However, the typical perspective in the healthcare setting is that the observed quality is good enough, given the cost-control environment, demanding work conditions, overloaded workers and managers, and burden of regulatory requirements [4]. The "we are different" attitude still prevails, as shown by the statement "I'm not sure it's reasonable to expect laboratories to achieve the same defect rate as activities such as baggage handling." It isn't - we should do better!

Measurement Considerations

It appears to be simple procedure to count defects or errors and convert them to a sigma-metric for process performance. However, the design of the experiment, collection of data, and the analysis of that data are still critical.

What's a defect? It's critical to define a defect or error. Remember the recent national dilemma concerning the presidential vote in Florida and the difficulty of defining a defective ballot or vote. Similar things have happened in the laboratory. One widely quoted study about the frequency of laboratory errors was a review of 363 incidents captured by the hospital's quality assurance program [5]. Pre-analytic mistakes accounted for 45.5% of those incidents, analytic errors accounted for 7.3%, and post-analytic for 47.2%.

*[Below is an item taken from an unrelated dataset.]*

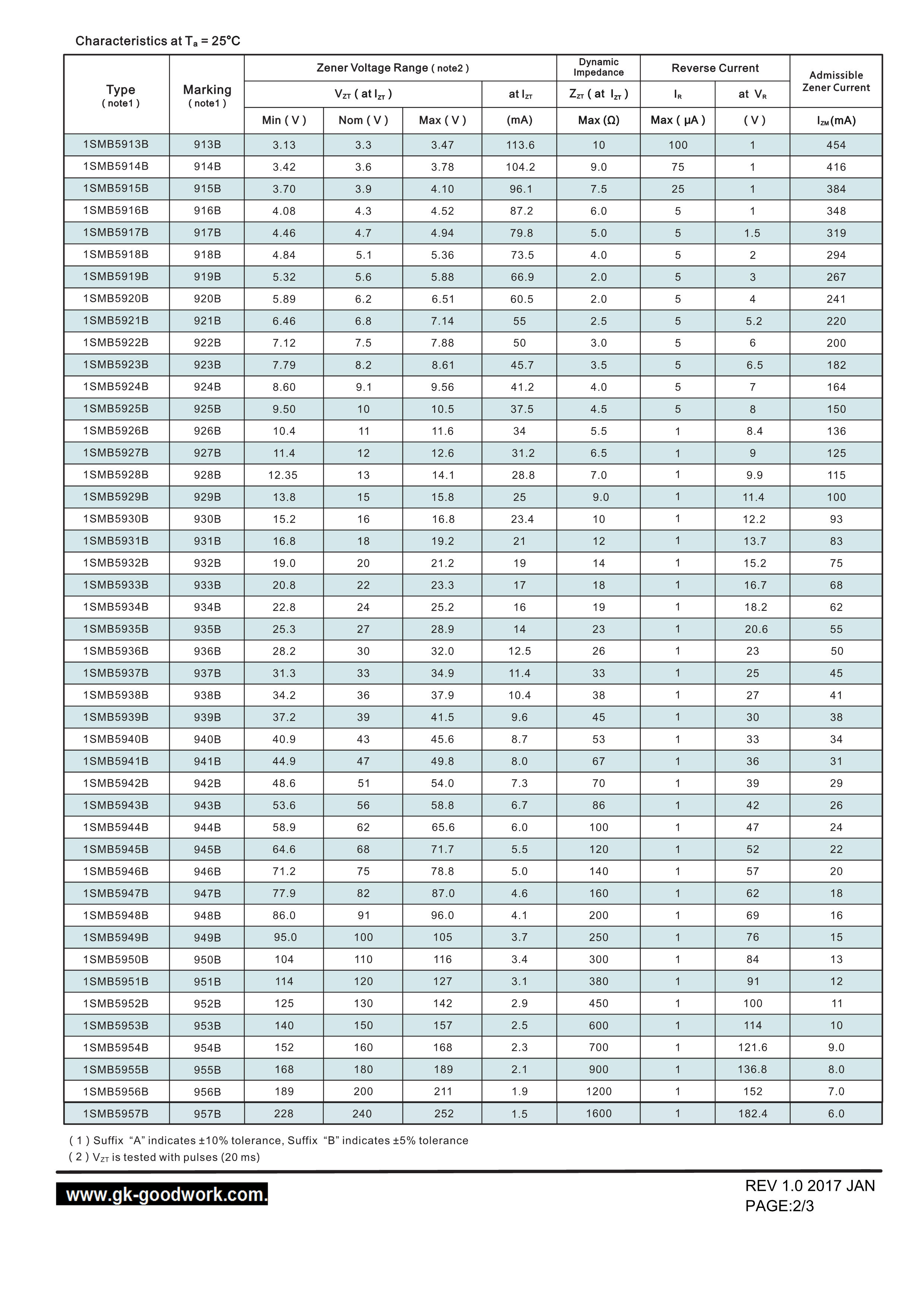 1SMB5919B数据手册SMB(DO-214AA)封装GOODWORK(固得沃克)PDF规格书,中

The study reported that the overall defect rate was 37.5 per 100,000, or 375 DPM, which corresponds to an approximately 4.9 sigma process. Considering that this measure of performance would be affected by all the pre-analytic, analytic, and post-analytic factors discussed earlier, the overall performance of the laboratory testing process in this hospital far exceeds the sigma-metrics observed in Q-Probe studies. Is laboratory testing that much better in this hospital? Is it possible that "incidents" are not a reliable way to count defects? Do you think that the accidents reported for Firestone tires on Ford Explorer vehicles identified all the defective tires?

What sample size is needed? We sample 100 units and find 1 defect, which gives a 1% defect rate or 10,000 DPM or 3.8 sigma process performance. Would it be better to sample 1000 units or 10,000 units or 100,000 units? Of course! But, given the cost of sampling, is it necessary to sample 100,000 units?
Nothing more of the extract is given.